What you will do =>
Transcribe word for word the lines below from the line with "Marinkovićevo djelo spaja" through the line with "Если интересно, можете", ends included.

Material supplied section start

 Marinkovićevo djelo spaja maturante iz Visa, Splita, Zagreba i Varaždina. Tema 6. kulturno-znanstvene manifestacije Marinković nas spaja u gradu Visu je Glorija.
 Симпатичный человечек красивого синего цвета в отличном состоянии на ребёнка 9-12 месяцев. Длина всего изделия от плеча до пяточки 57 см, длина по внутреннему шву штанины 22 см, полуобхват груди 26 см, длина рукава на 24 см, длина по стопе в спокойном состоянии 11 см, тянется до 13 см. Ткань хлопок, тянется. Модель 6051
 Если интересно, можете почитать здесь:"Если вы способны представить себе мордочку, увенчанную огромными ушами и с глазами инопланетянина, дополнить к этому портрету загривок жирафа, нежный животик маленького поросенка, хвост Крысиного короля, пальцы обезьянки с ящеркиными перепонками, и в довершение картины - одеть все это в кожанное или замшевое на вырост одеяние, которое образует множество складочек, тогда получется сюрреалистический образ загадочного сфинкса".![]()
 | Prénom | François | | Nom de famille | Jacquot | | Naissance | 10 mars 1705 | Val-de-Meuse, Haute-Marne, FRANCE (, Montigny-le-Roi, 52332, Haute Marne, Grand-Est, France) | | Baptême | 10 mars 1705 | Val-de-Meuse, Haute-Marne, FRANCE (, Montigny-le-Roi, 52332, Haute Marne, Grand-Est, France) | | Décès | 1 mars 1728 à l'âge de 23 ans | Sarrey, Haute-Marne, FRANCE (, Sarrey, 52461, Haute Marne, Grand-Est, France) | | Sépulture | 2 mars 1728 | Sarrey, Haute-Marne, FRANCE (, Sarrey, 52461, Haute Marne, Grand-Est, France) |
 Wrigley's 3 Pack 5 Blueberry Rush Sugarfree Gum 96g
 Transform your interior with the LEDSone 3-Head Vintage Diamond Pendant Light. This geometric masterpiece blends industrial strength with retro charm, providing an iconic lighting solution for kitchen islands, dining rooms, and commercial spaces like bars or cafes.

Material supplied section end
Material supplied section start

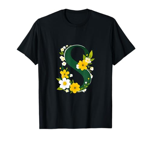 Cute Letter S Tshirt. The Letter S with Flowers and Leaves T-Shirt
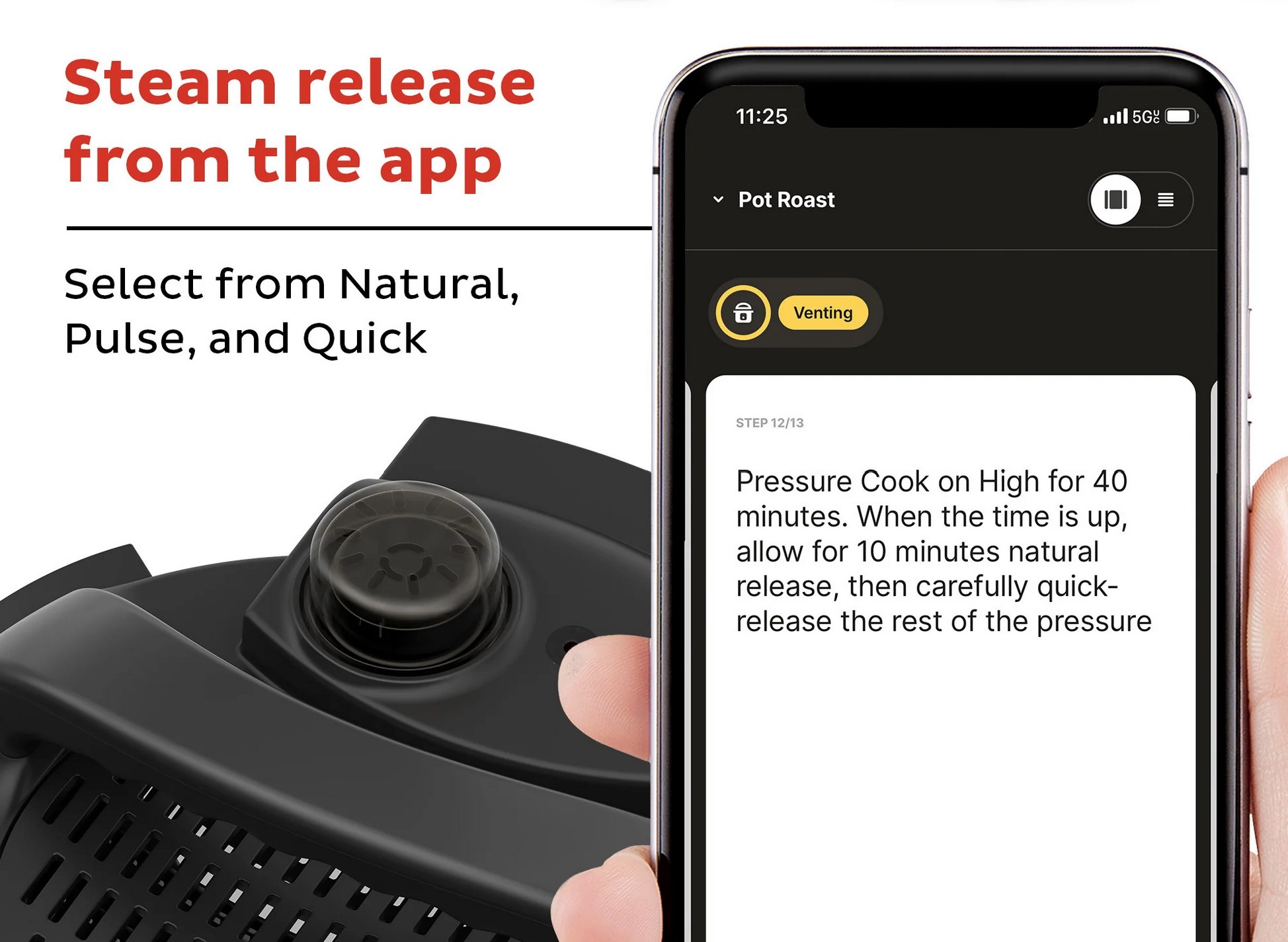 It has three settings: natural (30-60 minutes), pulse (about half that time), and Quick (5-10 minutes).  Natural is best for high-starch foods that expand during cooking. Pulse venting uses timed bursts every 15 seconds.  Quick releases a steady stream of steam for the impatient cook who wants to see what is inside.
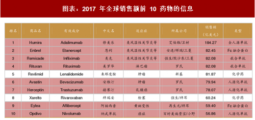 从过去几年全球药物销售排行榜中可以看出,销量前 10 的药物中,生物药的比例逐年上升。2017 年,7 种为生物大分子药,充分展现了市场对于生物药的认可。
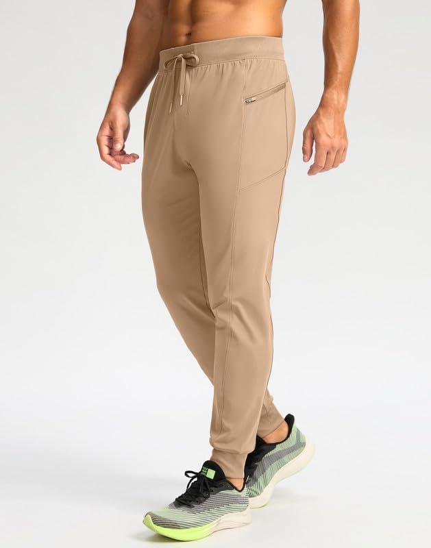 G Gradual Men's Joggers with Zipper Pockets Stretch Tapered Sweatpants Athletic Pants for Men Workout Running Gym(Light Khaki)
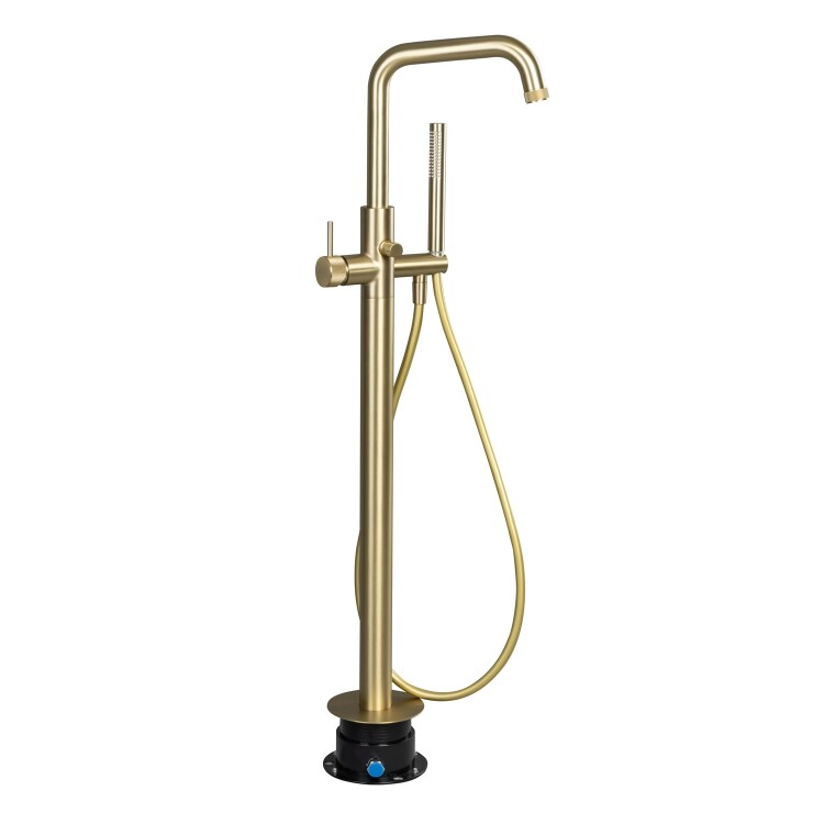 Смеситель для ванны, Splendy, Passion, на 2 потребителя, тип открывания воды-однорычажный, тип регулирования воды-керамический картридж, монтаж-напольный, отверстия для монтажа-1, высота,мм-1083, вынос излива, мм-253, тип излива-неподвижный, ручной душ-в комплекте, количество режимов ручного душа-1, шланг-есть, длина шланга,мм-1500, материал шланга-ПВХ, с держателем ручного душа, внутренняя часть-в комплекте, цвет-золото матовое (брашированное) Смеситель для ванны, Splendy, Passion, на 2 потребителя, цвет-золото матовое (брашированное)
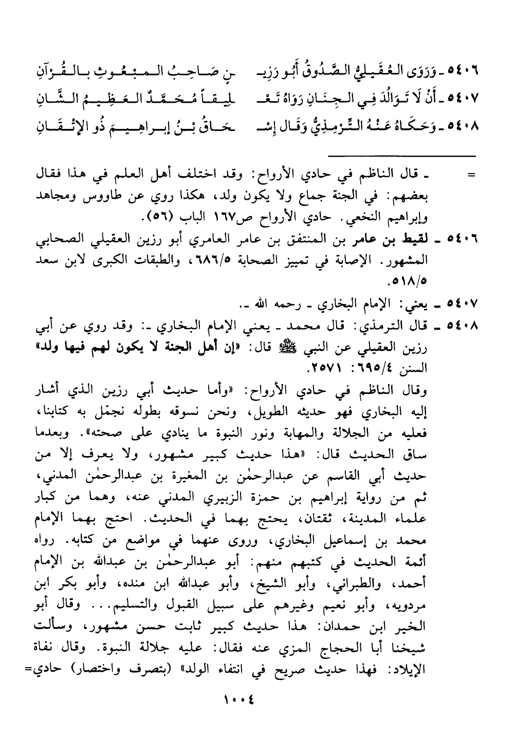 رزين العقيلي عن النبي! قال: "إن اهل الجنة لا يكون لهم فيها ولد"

Material supplied section end
Material supplied section start

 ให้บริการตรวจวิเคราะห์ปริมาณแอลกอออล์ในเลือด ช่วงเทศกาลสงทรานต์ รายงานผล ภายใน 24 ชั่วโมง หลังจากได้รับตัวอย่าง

Material supplied section end

Problem solution =>
 Marinkovićevo djelo spaja maturante iz Visa, Splita, Zagreba i Varaždina. Tema 6. kulturno-znanstvene manifestacije Marinković nas spaja u gradu Visu je Glorija.
 Симпатичный человечек красивого синего цвета в отличном состоянии на ребёнка 9-12 месяцев. Длина всего изделия от плеча до пяточки 57 см, длина по внутреннему шву штанины 22 см, полуобхват груди 26 см, длина рукава на 24 см, длина по стопе в спокойном состоянии 11 см, тянется до 13 см. Ткань хлопок, тянется. Модель 6051
 Если интересно, можете почитать здесь:"Если вы способны представить себе мордочку, увенчанную огромными ушами и с глазами инопланетянина, дополнить к этому портрету загривок жирафа, нежный животик маленького поросенка, хвост Крысиного короля, пальцы обезьянки с ящеркиными перепонками, и в довершение картины - одеть все это в кожанное или замшевое на вырост одеяние, которое образует множество складочек, тогда получется сюрреалистический образ загадочного сфинкса".![]()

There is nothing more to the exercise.